By Casey Houser December 07, 2016

Although the use of virtual network functions (VNF), an essential part of software-defined networking, has seen widespread exposure in the media as the new wave of commercial networking, its implementation in the real world has been clunky and posed a burden on early adopters.

Global communications company Nokia, which has inserted itself in the network functions virtualization market, knows this well, so it has created a new templating system to improve the use of its CloudBand Application Monitor. Nokia said in its recent announcement that it has built upon market specifications from groups such as ETSI, OASIS, and OpenStack to make it easier for businesses to complete onboarding and scaling of all their networking tasks.

The templating system works directly with Application Monitor in languages such as OASIS’s TOSCA, Ansible, OpenStack HOT, and Mistral so any vendor that wishes to create a VNF can do so within widespread industry best practices.

Ron Haberman, the head of Nokia’s CloudBand product department, commented in his company’s announcement about how service providers and VNF suppliers can use Nokia’s templates as a quick guide for establishing networking environments that the CloudBand Application Monitor can then control.

“One of the goals of NFV has been to foster an open ecosystem of VNF suppliers to give service providers maximum choice in the capabilities they integrate and to offer subscribers the best available services,” Haberman began, clearly linking the capability of the templating system to fit common situations that enterprise clients will present.

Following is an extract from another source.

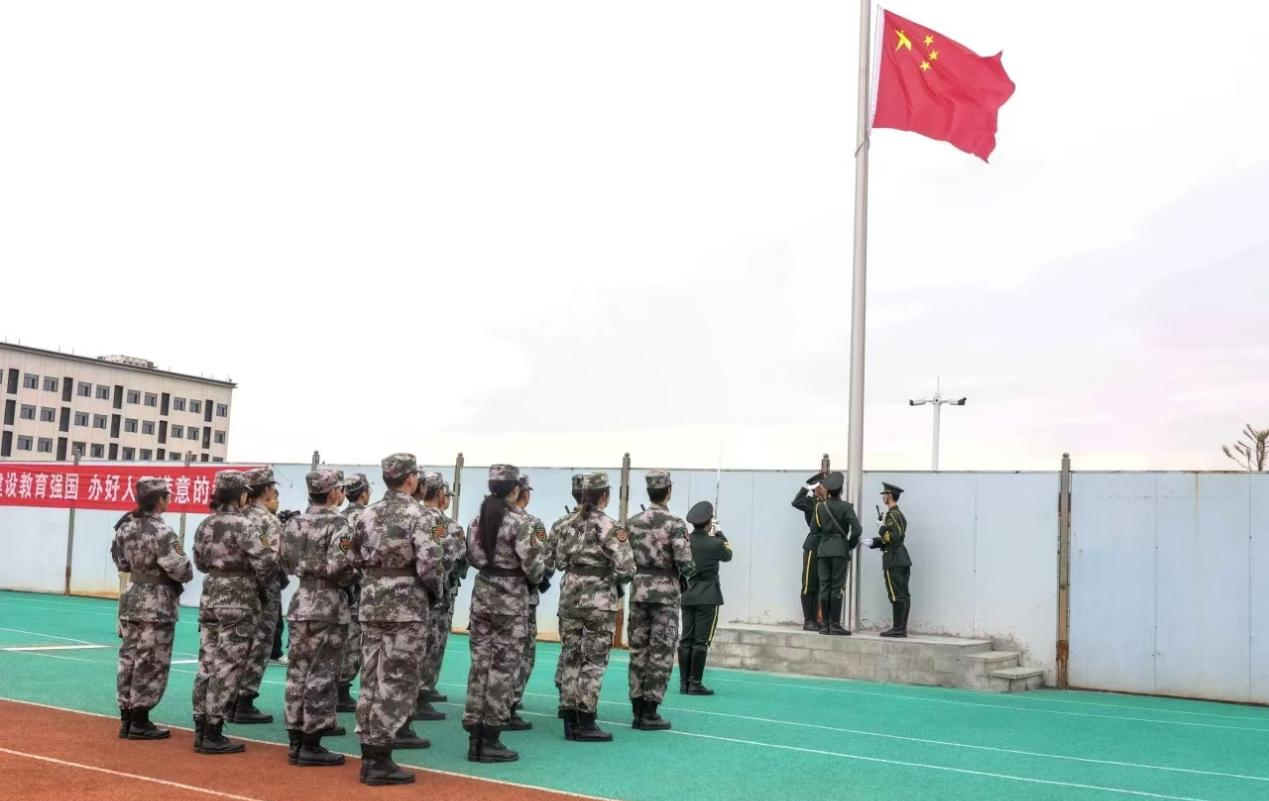 迎着初升的朝阳,伴着雄壮的国歌声,鲜艳的五星红旗冉冉升起,全体师生肃立注目,进行这场庄重的升旗仪式。

“By creating an open system that improves the management of VNFs, we aim to make it easier for service providers to quickly add new value-added services to differentiate their offerings, generate new revenue opportunities, and deliver better user experiences,” he continued.

The differentiating factor of this templating system being open source makes it a red-tape free task for service providers to create templates as they see fit. Enterprise customers may present with unique needs regarding their own networking situations; now service providers can address any situation quickly without having to manually construct processes for directing data. Use of Nokia template structures also allows vendors to keep their VNFs secure because the individual components will originate from a trusted source.